#### MATERIAL FOR THIS TASK:
"""
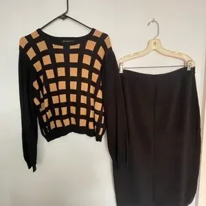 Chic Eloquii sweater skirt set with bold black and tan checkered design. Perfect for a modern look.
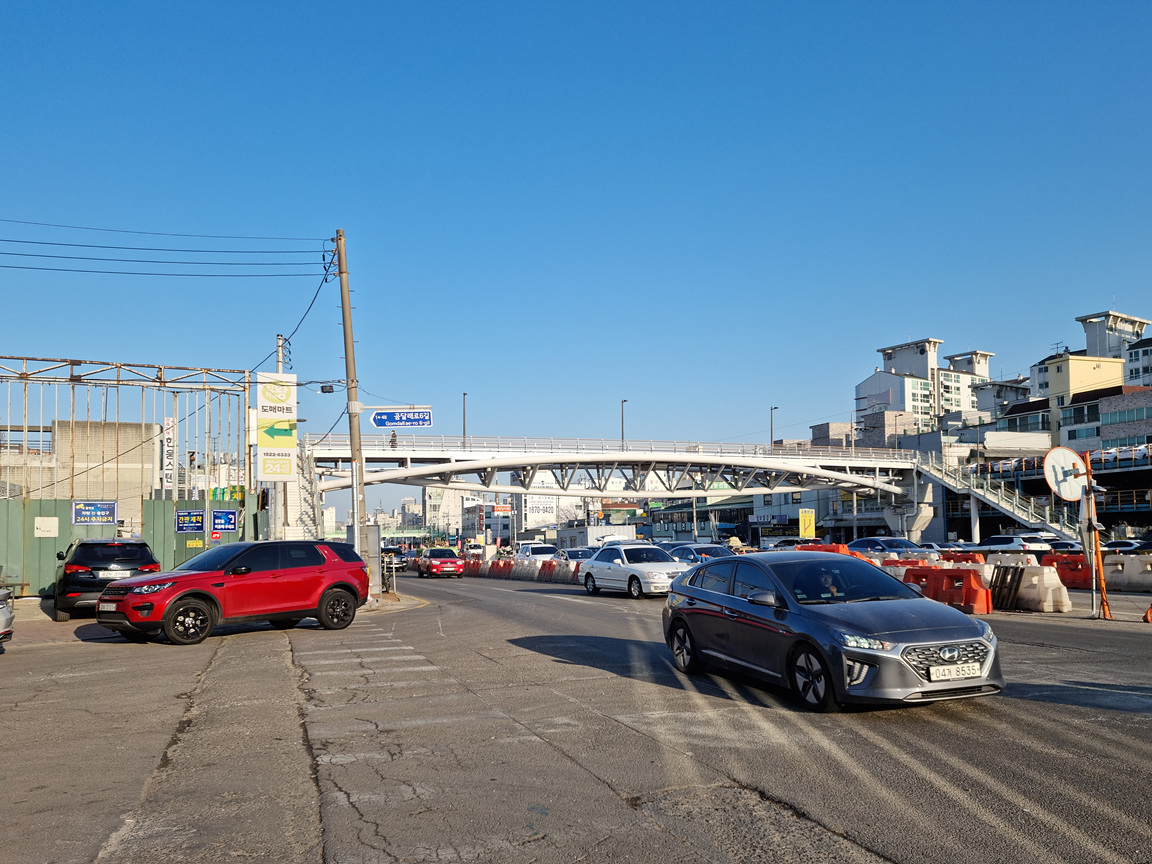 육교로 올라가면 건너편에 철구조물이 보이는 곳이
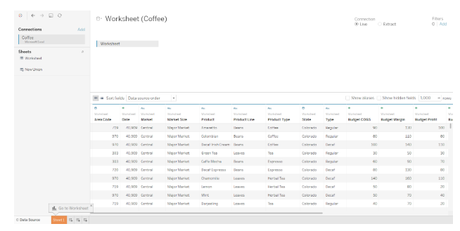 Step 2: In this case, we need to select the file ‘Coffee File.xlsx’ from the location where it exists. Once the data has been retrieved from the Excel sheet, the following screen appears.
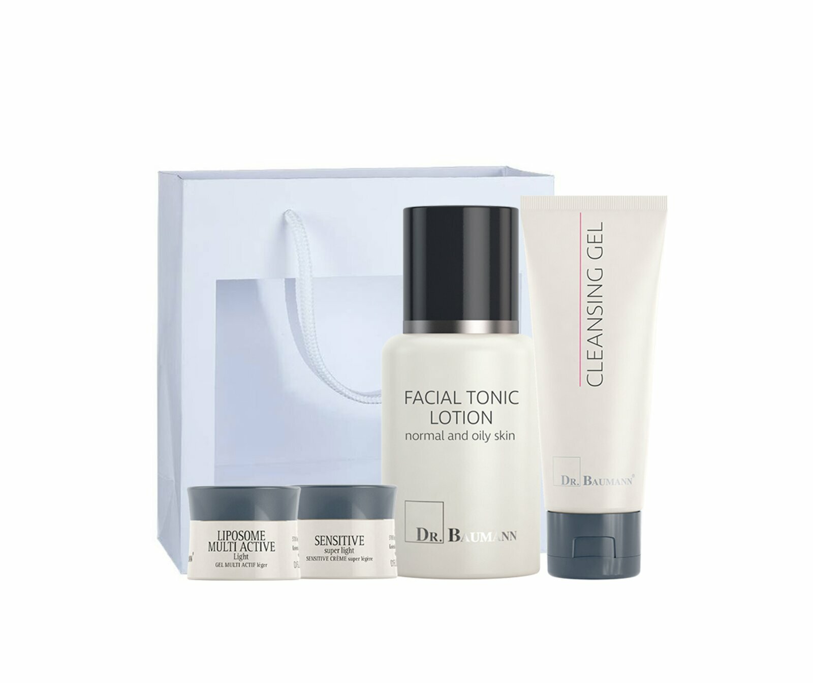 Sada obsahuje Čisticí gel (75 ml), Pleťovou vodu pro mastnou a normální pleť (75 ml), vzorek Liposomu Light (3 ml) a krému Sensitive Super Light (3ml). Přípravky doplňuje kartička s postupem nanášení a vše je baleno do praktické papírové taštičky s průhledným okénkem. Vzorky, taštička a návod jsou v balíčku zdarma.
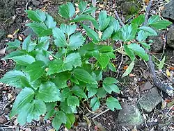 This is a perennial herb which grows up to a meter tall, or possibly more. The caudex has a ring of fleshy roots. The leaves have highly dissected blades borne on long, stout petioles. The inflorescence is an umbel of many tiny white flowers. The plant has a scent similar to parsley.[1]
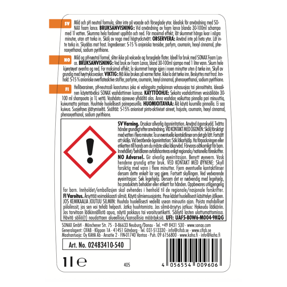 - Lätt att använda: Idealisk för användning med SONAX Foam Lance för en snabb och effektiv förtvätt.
"""
#### WORK INSTRUCTIONS:
Copy the data word for word, no pictures.

#### RESULT OF THE TASK:
 Chic Eloquii sweater skirt set with bold black and tan checkered design. Perfect for a modern look.
 육교로 올라가면 건너편에 철구조물이 보이는 곳이
 Step 2: In this case, we need to select the file ‘Coffee File.xlsx’ from the location where it exists. Once the data has been retrieved from the Excel sheet, the following screen appears.
 Sada obsahuje Čisticí gel (75 ml), Pleťovou vodu pro mastnou a normální pleť (75 ml), vzorek Liposomu Light (3 ml) a krému Sensitive Super Light (3ml). Přípravky doplňuje kartička s postupem nanášení a vše je baleno do praktické papírové taštičky s průhledným okénkem. Vzorky, taštička a návod jsou v balíčku zdarma.
 This is a perennial herb which grows up to a meter tall, or possibly more. The caudex has a ring of fleshy roots. The leaves have highly dissected blades borne on long, stout petioles. The inflorescence is an umbel of many tiny white flowers. The plant has a scent similar to parsley.[1]
 - Lätt att använda: Idealisk för användning med SONAX Foam Lance för en snabb och effektiv förtvätt.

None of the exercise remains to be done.